Posted at 01/8/2010 20:12 by jazza
Why we and the CPH board should tell Capricorn (or whoever the potential bidder may be) where to go if they don't offer at least double the current share price ..
Posted at 30/7/2010 08:10 by dnfa1975
Mystery bidder circling Clapham House
By Pan Kwan Yuk and Rose Jacobs
Published: July 29 2010 21:04 | Last updated: July 29 2010 21:04
Shares in Clapham House surged nearly 20 per cent on Thursday after the owner of Gourmet Burger Kitchen said it had been approached by an unnamed suitor.

The group, which also owns The Real Greek restaurant chain, declined to comment on the identity of the suitor and cautioned there was no certainty that a formal offer would be made. But market speculation on Thursday night was that Capricorn Ventures Limited, Clapham House's largest shareholder with a 27 per cent stake, was behind the move.

EDITOR'S CHOICE
Thai Union nets MW Brands food deal - Jul-28

San Miguel seeks capital for diversification - Jul-27

World Cup eats into Clapham House sales - Jul-16

Belgium-based Capricorn, which owns the UK operations of Nando's, has been a shareholder in Clapham House since late 2007, when it declared a 11.2 per cent stake in the business. Since then, it has progressively built up its shareholding, prompting widespread speculation that it might use the stake to launch a bid.

Talk of an impending offer has also been fuelled by Capricorn's decision to participate in Clapham House's £2.2m ($3.4m) share placing in May. The private equity group bought up almost half of the shares on offer, taking its stake from 24.9 per cent to 27.03 per cent.

A move for Clapham House now could not come at a more opportune time, according to industry watchers.

The group shed the Bombay Bicycle Club last year and put its struggling Tootsies restaurant chain into administration. It is now a much cleaner investment proposition for a bidder, with Gourmet Burger Kitchen the core driver of the group's growth.

Yet, having closed at 62p on Wednesday, the shares still remain 60 per cent below their level at the start of 2008.

James Dawson, an analyst with Charles Stanley, said an offer of 90p-95p was not implausible.
Posted at 29/7/2010 14:06 by laugher
any thoughts on price and potential suitor? RTN perhaps or Capricorn taking it private?
Posted at 29/7/2010 12:50 by trendfloor
YeeeeeeeeeeeeeeeeeeeeeeeeeeeeeeeeeeeeeHaaaaaaaaaaaaaaaaaaaaaaaaaaaaaaaa

29 July 2010



The Clapham House Group plc ("Clapham House" or the "Company")



Statement re share price movement



The Board of Clapham House notes the recent movement in the Company's share price and confirms that it has received an approach which may or may not lead to an offer being made for the Company. There can be no certainty that an offer will be made for the Company or the terms on which such an offer may be made.

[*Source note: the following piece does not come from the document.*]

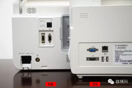 兩家的電源線都采用了標(biāo)準(zhǔn)的電源插頭,這種電源線比較普遍,應(yīng)急時(shí)比較容易找到合適的線。邁瑞線長1.8,一般情況下夠用??坡?米長,在使用上可以更加靈活。線短,整理起來方面;線長,使用場景更多。
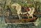GIOVAN FRANCESCO GONZAGA, "Trasbordo sul fiume", anni 2000, serigrafia materica su tela, 50x70 cm, esemplare XXXVI/C. Al fronte: tiratura in basso a destra, firma in basso a sinistra. Al verso: timbro al centro con firma. Opera con certificato di provenienza della Daliano Ribani Arte. Opera senza cornice.

In accordance with Rule 2.10 of the Takeover Code, the Company confirms that, as at the close of business on 28 July 2010, its issued share capital consisted of 41,051,796 ordinary shares with a nominal value of 10 pence each ("Ordinary Shares"), with each Ordinary Share carrying equal voting rights. The Company holds no Ordinary Shares in treasury. The International Securities Identification Number for the Ordinary Shares is GB0033757492.

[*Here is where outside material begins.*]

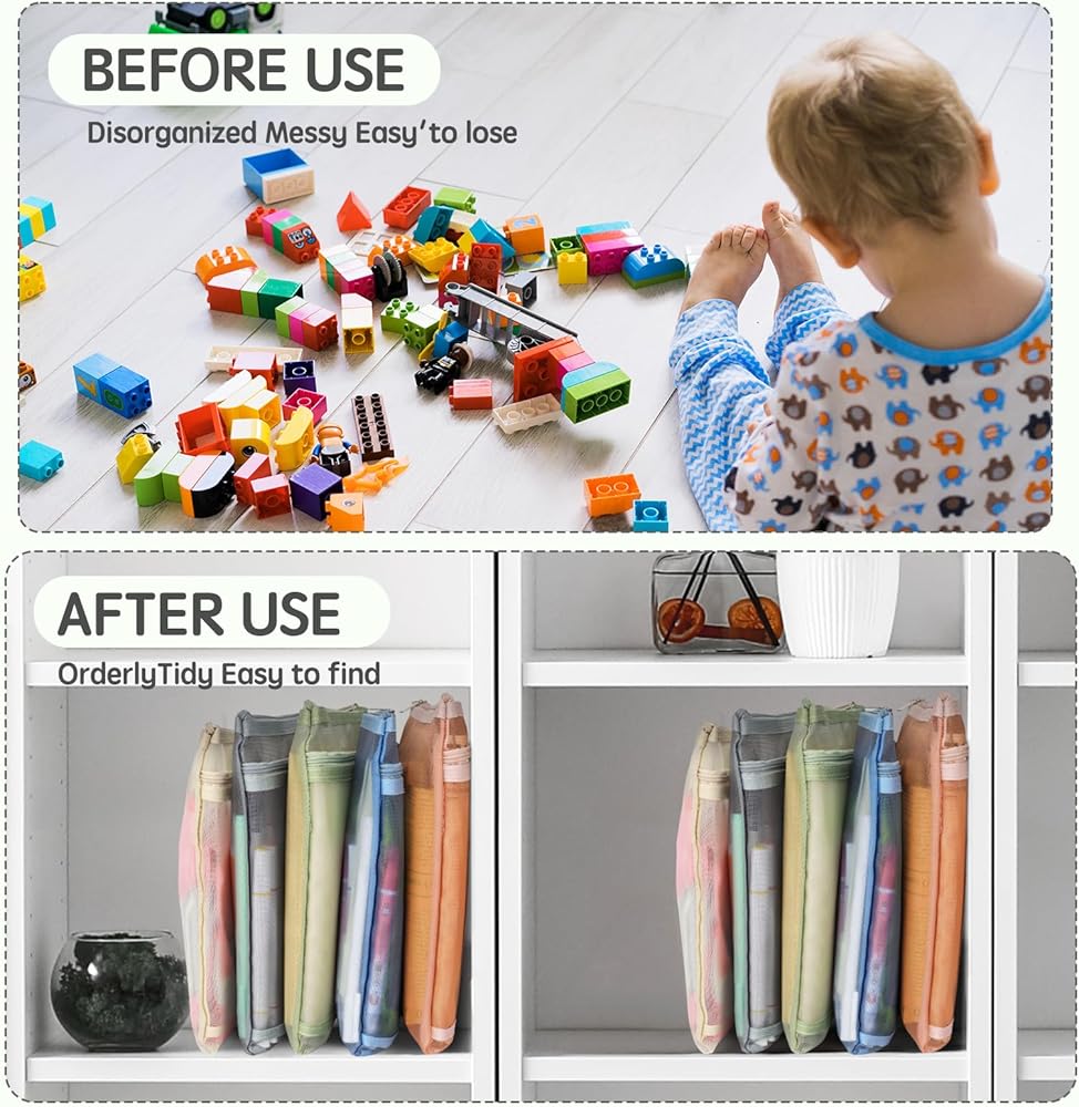 🌸تنظيم سهل: قم بتبسيط حياتك من خلال حقيبتنا الكبيرة الواسعة بحجم A4، والتي تحتوي على 10 أكياس بخمسة ألوان مفعمة بالحيوية، وهي مثالية لتخزين وفرز ألعاب أطفالك دون عناء. وداعا للقيود المكانية! على عكس الصناديق المرهقة، توفر حقائب الألغاز الخاصة بنا حلاً تخزينيًا أنيقًا، مما يقلل من الفوضى في غرف اللعب والفصول الدراسية والمكاتب وأثناء التنقل.

A further announcement will be made in due course, as appropriate.



Enquiries:



Altium Capital Limited Tel: +44 (0)20 7484 4040

Ben Thorne / Sam Fuller / Katherine Hobbs



Financial Dynamics Tel: +44 (0)20 7831 3113

Jonathon Brill / Caroline Stewart



Altium Capital Limited ("Altium") which is regulated in the United Kingdom by The Financial Services Authority is acting for the Company in relation to the matters described in this announcement and is not advising any other person, and accordingly will not be responsible to anyone other than the Company for providing the protections afforded to customers of Altium or for providing advice in relation to the matters described in this announcement.



Disclosure Requirements



Under Rule 8.3(a) of the Takeover Code, any person who is interested in 1 per cent. or more of any class of relevant securities of an offeree company or of any paper offeror (being any offeror other than an offeror in respect of which it has been announced that its offer is, or is likely to be, solely in cash) must make an Opening Position Disclosure following the commencement of the Offer Period and, if later, following the announcement in which any paper offeror is first identified. An Opening Position Disclosure must contain details of the person's interests and short positions in, and rights to subscribe for, any relevant securities of each of (i) the offeree company and (ii) any paper offeror(s). An Opening Position Disclosure by a person to whom Rule 8.3(a) applies must be made by no later than 3:30pm (London time) on the 10th business day following the commencement of the Offer Period and, if appropriate, by no later than 3:30pm (London time) on the 10th business day following the announcement in which any paper offeror is first identified. Relevant persons who deal in the relevant securities of the offeree company or of a paper offeror prior to the deadline for making an Opening Position Disclosure must instead make a Dealing Disclosure.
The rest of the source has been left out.